To actually use this code and generally understand what’s going on here, I’d warmly suggest reading a previous post of mine about SDMA assembly code, which also explains how to compile the code and gives the context for the C functions given below.

Gotchas

  • Never let either the source address nor the destination address cross a 32-byte boundary during a burst from or to the internal FIFO. Even though I haven’t seen this restriction in the official documentation, several unexplained misbehaviors have surfaces when allowing this happen, in particular when accessing EIM. So just don’t.
  • When accessing EIM, the EIM’s maximal burst length must be set to allow 32 bytes in one burst with the BL parameter, or data gets corrupted.
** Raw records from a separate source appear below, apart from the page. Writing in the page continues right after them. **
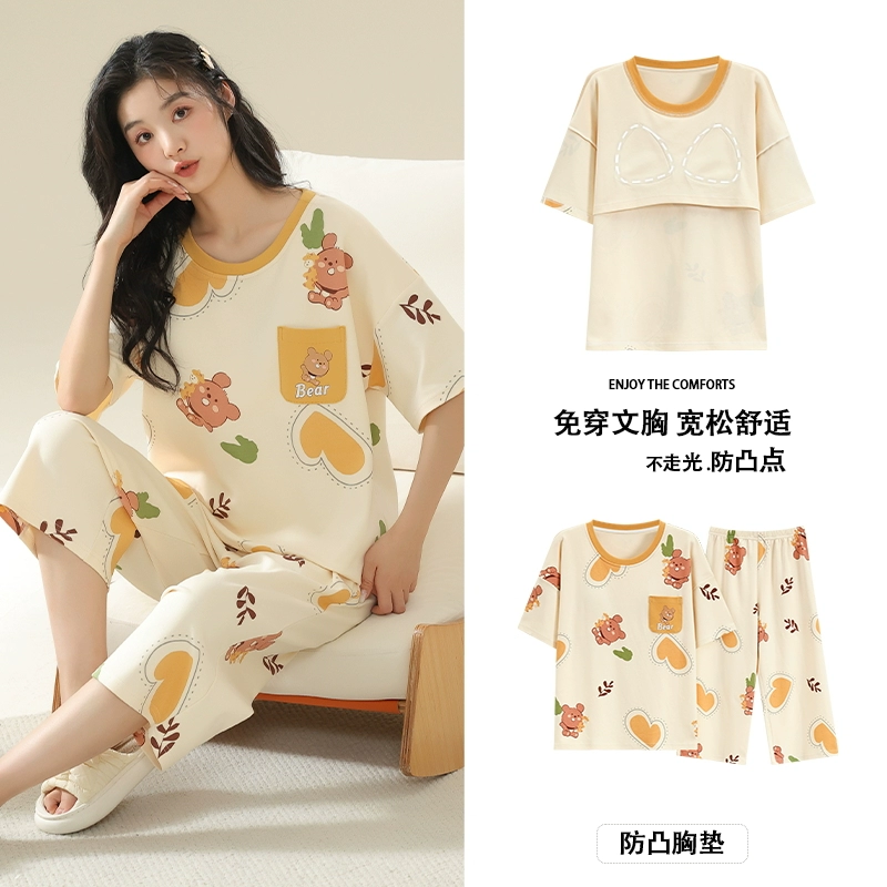 | nameOriginal | Summer pure cotton short-sleeved pajamas for women, Korean version for fat girls, loose and wearable with chest pads, home casual wear set |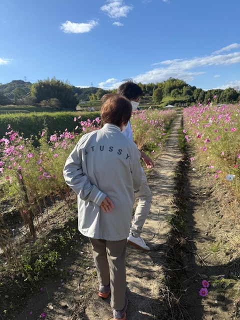 皆さん、コスモスを摘むのも咲きすぎてなくて、蕾の多いもの等々色々考えながら摘まれていました。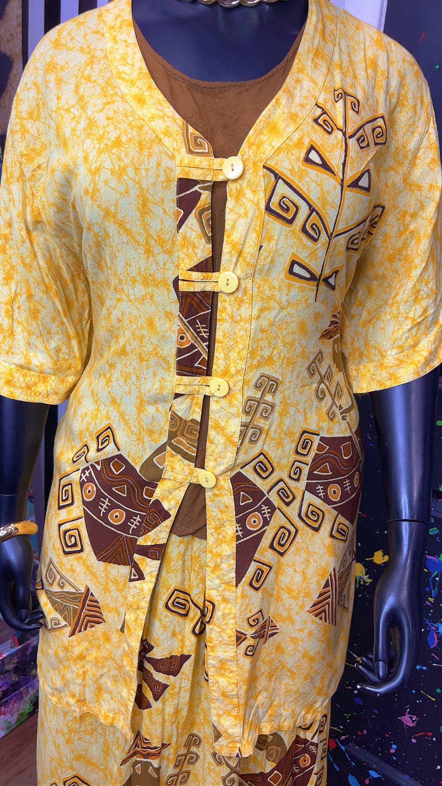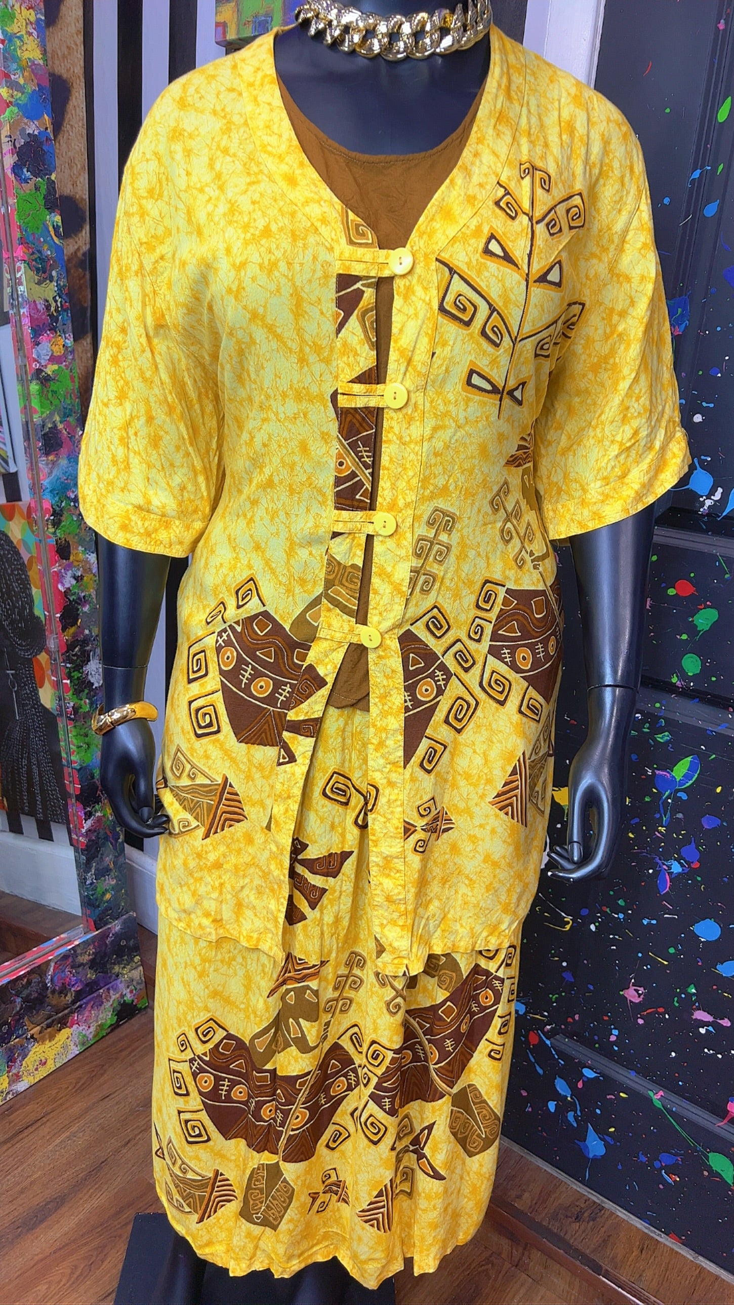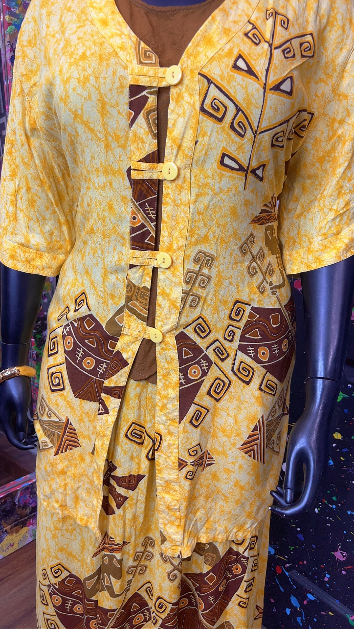 Vintage Rayon Tribal Yellow Skirt Set (18)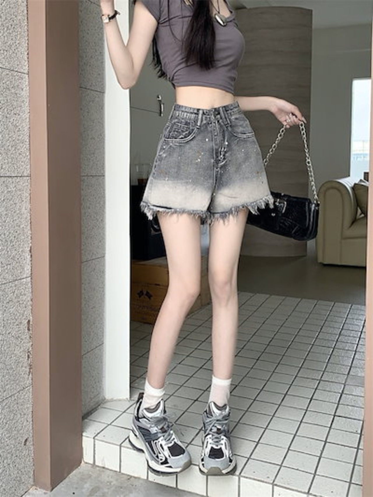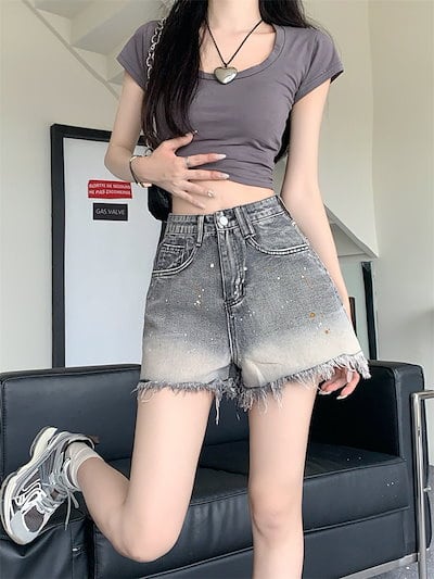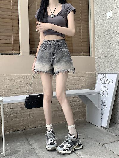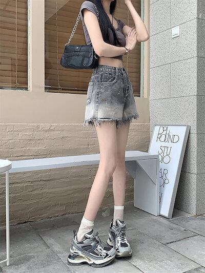 2024 春夏パンツ ショート丈 デニム ジーンズ ワイド グラデーション ウォッシュ加工 フリンジ ハイウエスト 脚長効果 美脚効果 細見え 夏 カジュアル おしゃれ かわいい 韓国ファッション レ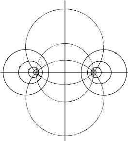 Сравнивая выражения для комплексного потенциала электростатического поля в системе двух заряженных тонких проводников и комплексного потенциала магнитного пол, двух тонких проводов вне этих проводов с постоянными токами, следует отметить их полное соответствие. Разница заключается лишь в том, что линии равного электрического потенциала электрического поля, являющиеся окружностями с центрами на оси абсцисс, в магнитном поле становятся линиями напряжённости магнитного поля, и, наоборот, линии напряжённости электрического поля, являющиеся окружностями с центрами на оси ординат, в магнитном поле становятся линиями равного магнитного потенциала.

Application space memory to SDMA space

The assembly code goes

$ ./sdma_asm.pl app2sdma.asm
 | # Always in context (not altered by script):
 | #
 | # r4 : Physical address to source in AP memory space
 | # r6 : Address in SDMA space to copy to
 | # r7 : Number of DWs to copy   
 | #
 | # Both r4 and r5 must be DW aligned.
 | # Note that prefetching is allowed, so up to 8 useless DWs may be read.
 |
 | # First, load the status registers into SDMA space
                             | start:
0000 6c20 (0110110000100000) |     stf r4, 0x20 # To MSA, prefetch on, address is nonfrozen
0001 008f (0000000010001111) |     mov r0, r7
0002 018e (0000000110001110) |     mov r1, r6
0003 7803 (0111100000000011) |     loop postloop, 0
0004 622b (0110001000101011) |     ldf r2, 0x2b # Read from 32 bits from MD with prefetch
0005 5a01 (0101101000000001) |     st r2, (r1, 0) # Address in r1
0006 1901 (0001100100000001) |     addi r1, 1
                             | postloop:
0007 0300 (0000001100000000) |     done 3
0008 0b00 (0000101100000000) |     ldi r3, 0
0009 4b00 (0100101100000000) |     cmpeqi r3, 0 # Always true
000a 7df5 (0111110111110101) |     bt start # Always branches

------------ CUT HERE -----------

static const int sdma_code_length = 6;
static const u32 sdma_code[6] = {
 0x6c20008f, 0x018e7803, 0x622b5a01, 0x19010300, 0x0b004b00, 0x7df50000,
};

Note that the arguments for sdf and ldf are given as numbers, and not following the not-so-helpful notation used in the Reference Manual.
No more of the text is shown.